**Saved data entries:**
▼▼▼

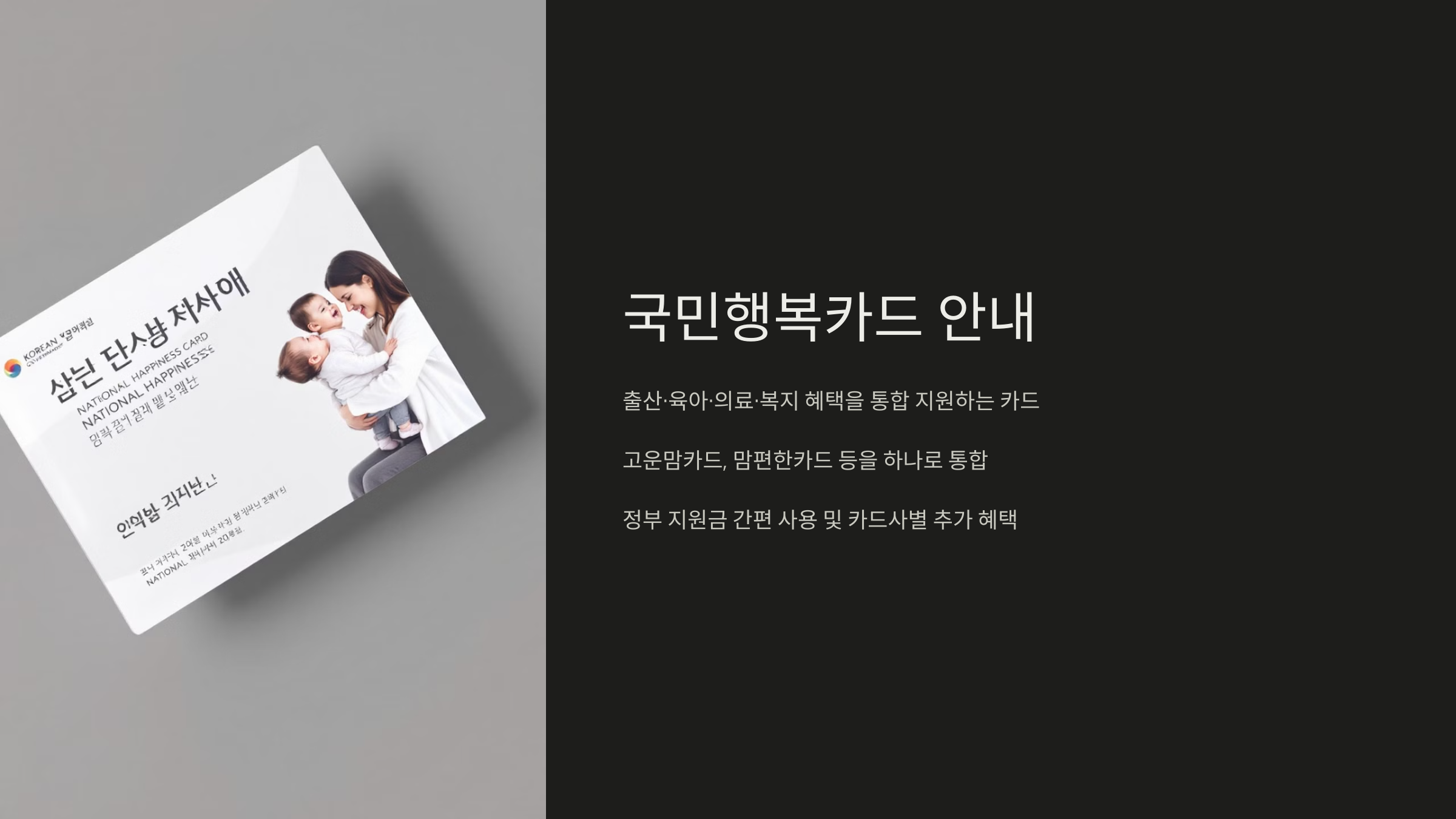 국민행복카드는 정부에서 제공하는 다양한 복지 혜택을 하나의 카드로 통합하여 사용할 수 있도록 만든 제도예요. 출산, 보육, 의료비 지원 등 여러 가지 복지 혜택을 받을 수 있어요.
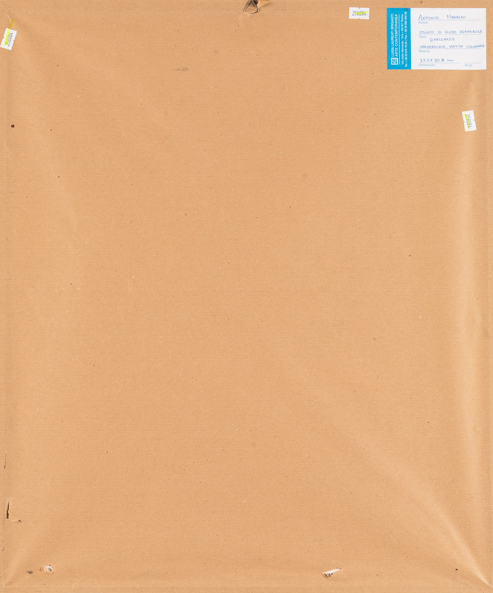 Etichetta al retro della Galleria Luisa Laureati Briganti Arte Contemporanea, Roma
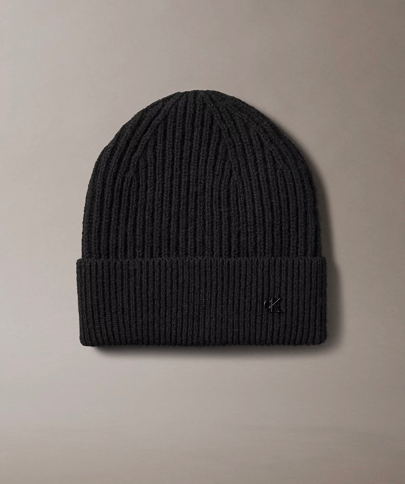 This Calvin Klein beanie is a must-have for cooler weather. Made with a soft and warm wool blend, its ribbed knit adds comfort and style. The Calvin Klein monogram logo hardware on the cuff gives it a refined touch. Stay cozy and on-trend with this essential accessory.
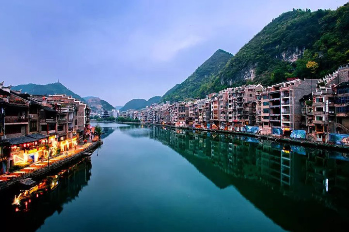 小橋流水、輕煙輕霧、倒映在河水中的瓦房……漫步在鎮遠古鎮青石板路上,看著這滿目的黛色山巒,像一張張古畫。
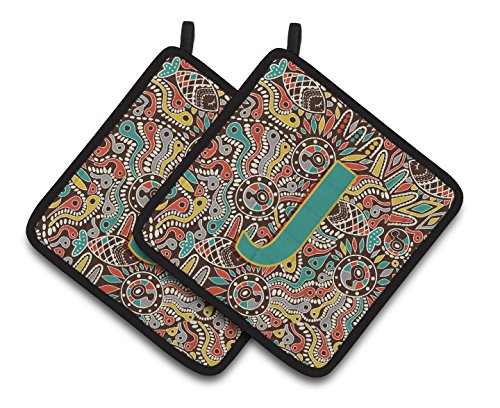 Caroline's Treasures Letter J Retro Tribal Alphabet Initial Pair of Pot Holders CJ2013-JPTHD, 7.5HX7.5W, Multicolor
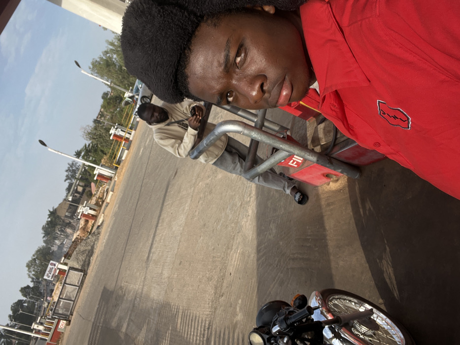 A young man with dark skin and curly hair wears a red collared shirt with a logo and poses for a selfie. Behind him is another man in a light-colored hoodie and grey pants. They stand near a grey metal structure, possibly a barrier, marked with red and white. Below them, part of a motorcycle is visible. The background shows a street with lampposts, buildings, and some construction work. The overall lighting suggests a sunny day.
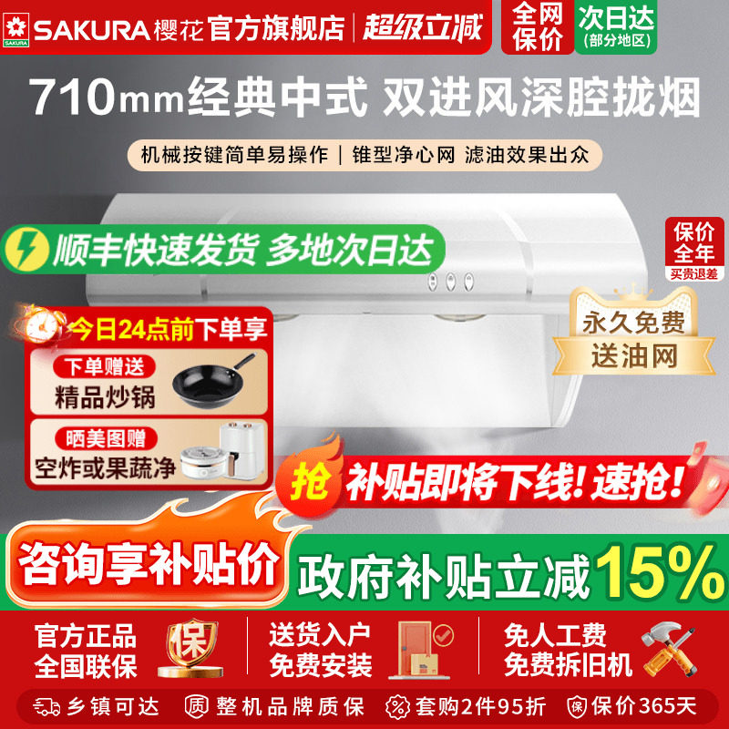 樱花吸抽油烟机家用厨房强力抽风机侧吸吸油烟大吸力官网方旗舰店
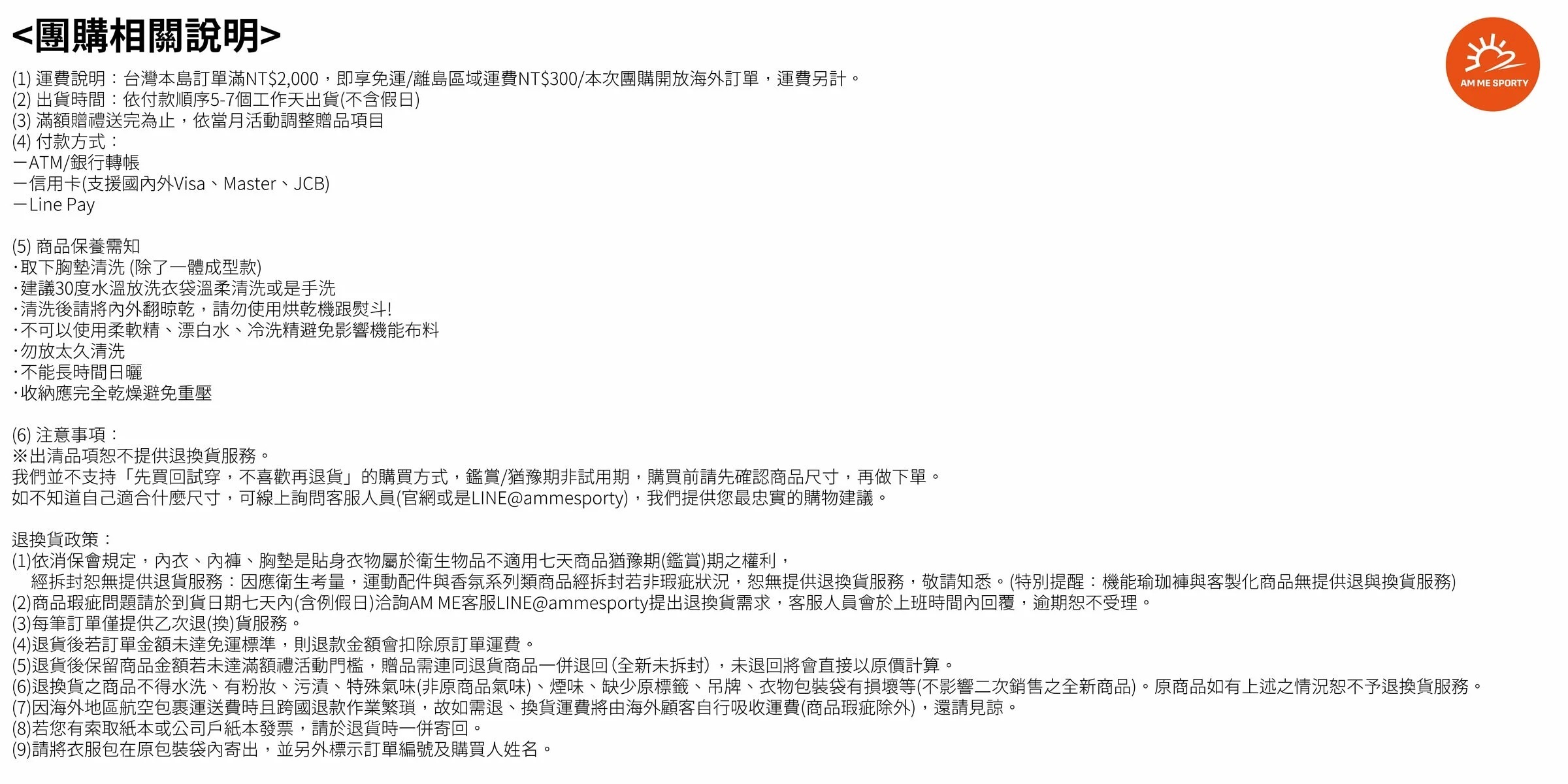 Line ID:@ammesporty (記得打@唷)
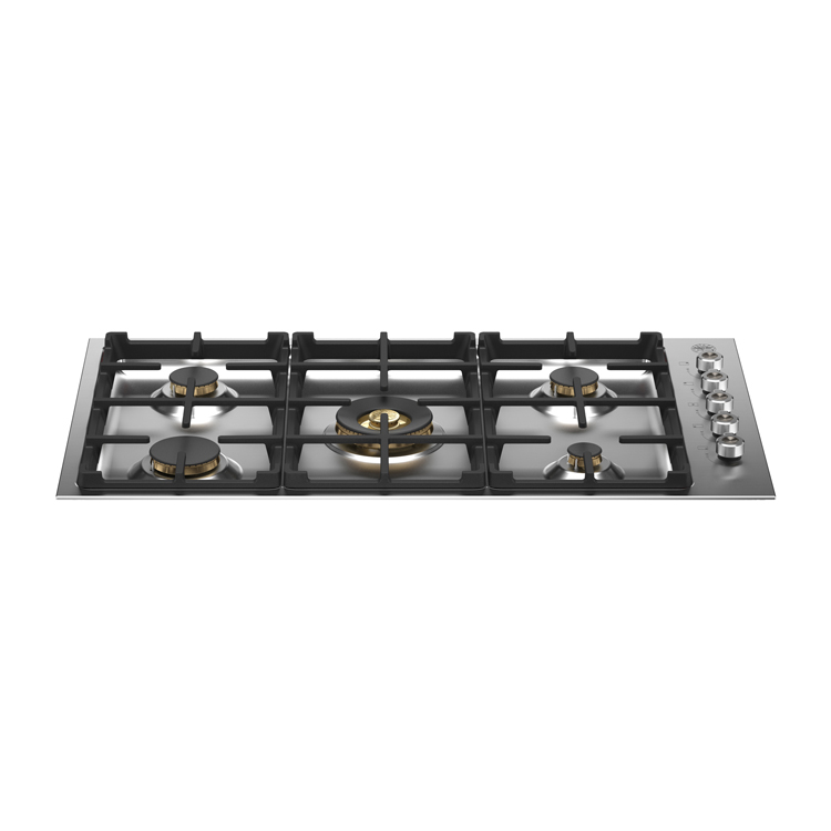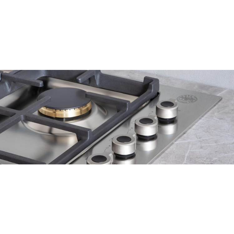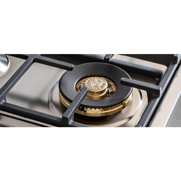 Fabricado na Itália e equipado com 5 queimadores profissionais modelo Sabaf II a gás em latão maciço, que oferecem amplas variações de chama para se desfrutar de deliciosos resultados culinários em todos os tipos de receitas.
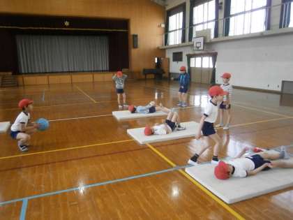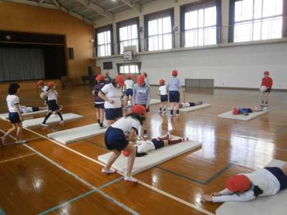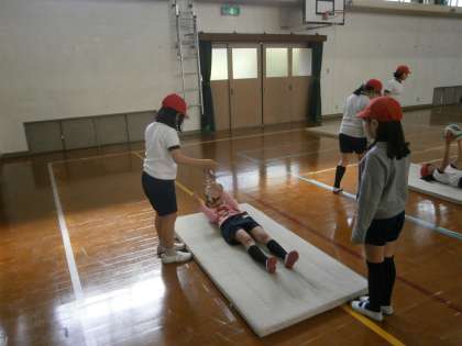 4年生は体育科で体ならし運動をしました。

▲▲▲

**What is being asked:**
Give the lines again exactly, starting where the entries begin and stopping once the line with "Etichetta al retro" is included; pictures are not copied.

**Reply to the task:**
 국민행복카드는 정부에서 제공하는 다양한 복지 혜택을 하나의 카드로 통합하여 사용할 수 있도록 만든 제도예요. 출산, 보육, 의료비 지원 등 여러 가지 복지 혜택을 받을 수 있어요.
 Etichetta al retro della Galleria Luisa Laureati Briganti Arte Contemporanea, Roma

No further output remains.